Modem(kabelbw)—ipfire(core144) 3 ipsec tunnel
3 debian Server 1 laptop no xbox

[root@fw ~]# dig # cert-bund.de @109.193.179.19

; <<>> DiG 9.11.18 <<>># dnsnamen-bund @109.193.179.19
;; global options: +cmd
;; Got answer:
;; ->>HEADER<<- opcode: QUERY, status: NOERROR, id: 22962
;; flags: qr rd ra ad; QUERY: 1, ANSWER: 1, AUTHORITY: 0, ADDITIONAL: 1

;; OPT PSEUDOSECTION:
; EDNS: version: 0, flags:; udp: 1232
;; QUESTION SECTION:
;dnsname. IN A

;; ANSWER SECTION:
dnsadress. 775 IN A 159.69.62.252

;; Query time: 0 msec
;; SERVER: 109.193.179.19#53(109.193.179.19)
;; WHEN: Wed May 13 18:08:30 CEST 2020
;; MSG SIZE rcvd: 57

[root@fw ~]#

Modem(kabelbw)—ipfire(core144) 3 ipsec tunnel
3 debian Server 1 laptop no xbox

Which network zones are configured at the IPFire? Where are the servers located?
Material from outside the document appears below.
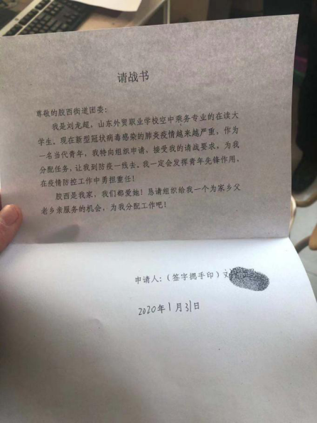 家住胶州市胶西街道办事处小行村的2018级空中乘务1班学生刘龙超同学,因看到社区里的一些居民对于疫情发展不了解,重视程度低。他作为新时代的大学生,深知此次疫情的严重性,因此志愿投身到社区防疫宣传工作的一线并写下防疫志愿书。工作中,他主要负责向社区居民发放致社区居民防范疫情的一封信,同时参与社区监测、劝返点的劝导监督工作。
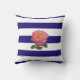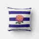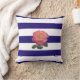 Elegante rosa Rose auf marineblau und weiß gestreiften werfen Kissen. Eine schöne Rose, um Ihren Geist zu fördern! Elegante dekorative Kissen. Schöne stilvolle Wohngestaltung.

[root@fw ~]# dig # cert-bund.de @109.193.179.19

I assume the second ‘#’ is a typo. Of course, this command will succeed if you execute it
on the firewall itself. Since Vodafone closed port 53, it makes no sense to attempt querying
that IP address from any other host on the internet.

Unfortunately I have no idea of what went wrong here. The default firewall ruleset makes it
very hard to set up an open resolved exposed on RED.

Thanks, and best regards,
Peter Müller

red green blue(hostap) yellow.
The Servers on green; blue for smartphone; yello nothing,

I am install core144, after restore the backup.
All working fine.

I dont understand this with port53
My english is not so good

Thanks, and best regards,
alpensegler

Hi,

I dont understand this with port[ ]53

to test whether something responds to DNS queries on port 53, you would
normally run dig @[your public IP] example.com. But since Vodafone closed
port 53 on your router, this is not possible.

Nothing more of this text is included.